Description
This work demonstrates Leonard Lehrer’s primacy as a printmaker. Marrying together bold lines with subtle shading, he creates a remarkable three-dimensionality. This beautiful rendition of the opulent Pushkin Gardens, Russia’s first landscape garden when it was built in about 1770 by Catherine the Great, simultaneously has the character of a line drawing with the aliveness of the hyperrealists. This technique, found in all of Lehrer’s Formal Gardens works and a Lehrer hallmark, is difficult to achieve successfully in the challenging arena of lithography.
Perhaps more important to Lehrer’s legacy is his interweaving of classical balance and extreme order, on the one hand, with a romantic vision on the other. He was deeply interested in structure and balance and harmony, with the result of great but restrained beauty.
This work was done while Lehrer was the Director of the School of Art at Arizona State University, working with the legendary print-maker Jules Heller, and was printed at the equally-legendary Tamarind Institute with the assistance of master printmaker Ben Q. Adams.
This work is part of Lehrer’s Formal Garden series, which also includes “Formal Gardens” (1975), “View of St.

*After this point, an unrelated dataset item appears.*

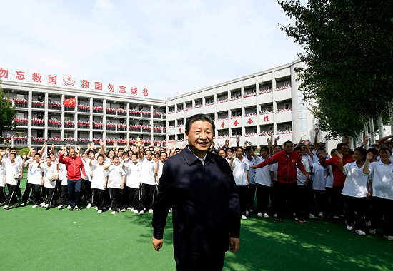 9月13日至14日,中共中央總書(shū)記、國(guó)家主席、中央軍委主席習(xí)近平在陜西省榆林市考察。這是14日上午,習(xí)近平同綏德實(shí)驗(yàn)中學(xué)的學(xué)生在一起。新華社記者 李學(xué)仁 攝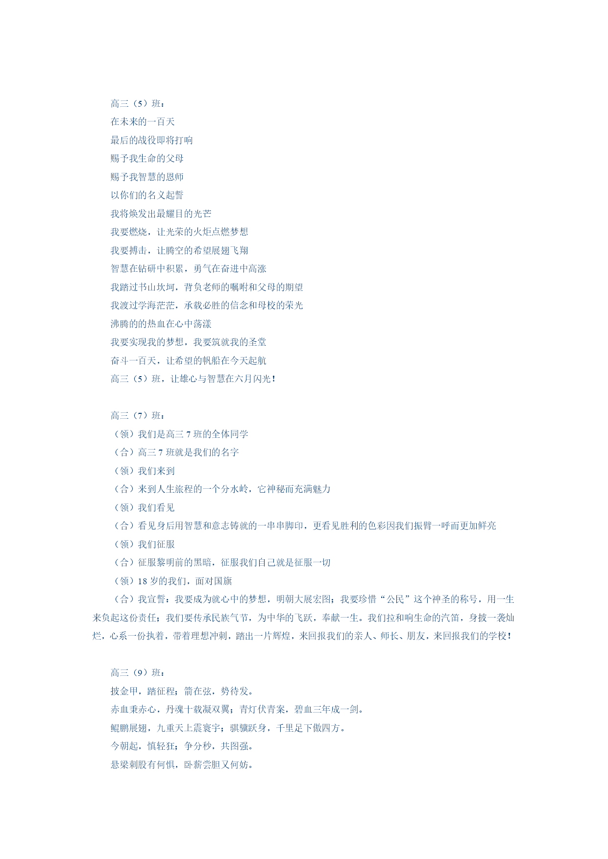 各班高考百日誓词高三(1)班:为了06年的高考更加辉煌,今天,我们在这里庄严宣誓:拼搏100天,让汗水哺育不凡;拼搏100天,让智慧灌溉内涵;拼搏100天,让激情释放灿烂;拼搏100天,让实力螯头独揽!100天,我们将给三年充实的高中生活画上一个圆满的句号。100天,我们将给青春画上一个破折号,她将引领我们走向更辉煌的明天!高三(2)班:(领誓人)当我们面对高考,我们要有“会当凌绝顶,一览众山小”的雄心壮志;当我们面对未来,我们要有“会当水击三千尺,自信人生二百年”的从容气魄。百日攻坚,面对高考我们选择无悔青春!在这里,我们高三(2)班的全体同学,向我们敬爱的老师和家长们保证:(全班同学):加足马力,飚到底!一百天,迎接所有挑战,一百天,用汗水让你记住:我们是高三2班!高三(3)班:仅余百日,我们于庄严的国旗下宣誓:我们要忘记昨天的光荣与遗憾,我们要把今天当作生命中的最重要的一天,我们要在明天的战场上奋力一搏。破釜沉舟,天道酬勤,卧薪尝胆,皇天不负。我们是石,是辉映星空的玉石;我们是蕾,是绽放春天的花蕾;我们是泉,是滋润幽谷的清泉;我们是舟,是有历经江海的方舟。我们要以真理埋葬怀疑,我们要用信心驱赶黑暗,我们要借拼搏实现梦想!高三(4)班:我,是高三4班的学生,决胜高考是我不懈的追求,拼搏一百天是我庄严的承诺!一百天,我将唱出青春无悔;一百天,我将笑吟十二年等待。百炼成钢,百日流芳,打造人生新篇章。我,绝不作懦弱无能的退缩;绝不作毫无意义的彷徨。我要带着从容的微笑,去赢得我志在必得的辉煌。让微笑写满父母殷切的面庞,让微笑挂在老师欣慰的脸上。奋战一百天,让飞翔的梦在六月张开翅膀;奋战一百天,让雄心和智慧在六月闪光!长风破浪,直济沧海,蟾宫折挂,舍我其谁!高三(5)班:在未来的一百天最后的战役即将打响赐予我生命的父母赐予我智慧的恩师以你们的名义起誓我将焕发出最耀目的光芒我要燃烧,让光荣的火炬点燃梦想我要搏击,让腾空的希望展翅飞翔智慧在钻研中积累,勇气在奋进中高涨我踏过书山坎坷,背负老师的嘱咐和父母的期望我渡过学海茫茫,承载必胜的信念和母校的荣光沸腾的的热血在心中荡漾我要实现我的梦想,我要筑就我的圣堂奋斗一百天,让希望的帆船在今天起航高三(5)班,让雄心与智慧在六月闪光!高三(7)班:(领)我们是高三7班的全体同学(合)高三7班就是我们的名字(领)我们来到(合)来到人生旅程的一个分水岭,它神秘而充满魅力(领)我们看见(合)看见身后用智慧和意志铸就的一串串脚印,更看见胜利的色彩因我们振臂一呼而更加鲜亮(领)我们征服(合)征服黎明前的黑暗,征服我们自己就是征服一切(领)18岁的我们,面对国旗(合)我宣誓:我要成为就心中的梦想,明朝大展宏图;我要珍惜“公民”这个神圣的称号,用一生来负起这份责任;我们要传承民族气节,为中华的飞跃,奉献一生。我们拉和响生命的汽笛,身披一袭灿烂,心系一份执着,带着理想冲刺,踏出一片辉煌,来回报我们的亲人、师长、朋友,来回报我们的学校!高三(9)班:披金甲,踏征程;箭在弦,势待发。赤血秉赤心,丹魂十载凝双翼;青灯伏青案,碧血三年成一剑。鲲鹏展翅,九重天上震寰宇;骐骥跃身,千里足下傲四方。今朝起,慎轻狂;争分秒,共图强。悬梁刺股有何惧,卧薪尝胆又何妨。誓言已盟,一言擎九鼎;豪言既出,一句值千金。今我仰头向天誓,我不夺魁更有谁!高三(11)班:看,18岁,我已站立在成人的舞台;听,一场攻坚的战斗即将打响。我们戎装在身,我们摩拳擦掌,我们志在必得!三年求学路,我们也曾天真,我们也曾跌倒,我们也曾迷茫。但是,现实教我们成熟,自信将我们扶起,责任与使命为我们指明了前进的方向,拂去尘埃,抖擞精神,一鼓作气,我们挥汗躬耕一刻千金!为美好前程而努力,为孝敬父母而拼搏,为报效祖国而争分夺秒发奋图强!100天,我们会目标明确,方法合理,持之以恒,百折不挠;100天,我们要用自己的实践验证一个事实,书写一段佳话,创造一个奇迹!100天,我们要让历史记住:高三11班,原来真的很捧!高三(12)班:黄沙百战穿金甲,不破楼兰终不还我们肩负父母的期望,谨记恩师的嘱托,承载毕生的信念和母校的荣光,此刻我们信心百倍,豪情满怀。在高考冲刺阶段的一百天里我们决心:珍惜每一秒,拼搏每一刻,奋斗一百天。我们一定做到严格自律,争分夺秒,全力以赴,我们一定做到认真听课,专注学习,积极应战,请父母放心,请老师放心,请母校放心,我们一定会以最刻苦的精神,最饱满的热情,最昂扬的斗志,创造高考佳绩续写母校辉煌!高三(13)班:我们13班全体同学,向含辛茹苦抚育我们成长的父母起誓,向呕心沥血献身讲台的老师

Petersburg (1978), “Sabika” (1972), “Royal Garden (Herrenhausen)” (1977), “Italianate Garden” (1973), and “La Granja de San Ildefonso” (1978).
Lehrer is among the country’s leading printmakers, with works at The Museum of Modern Art, The Metropolitan Museum of Art, The Corcoran Gallery of Art, The National Gallery of Art, and The Bibliotheque Nationale de France.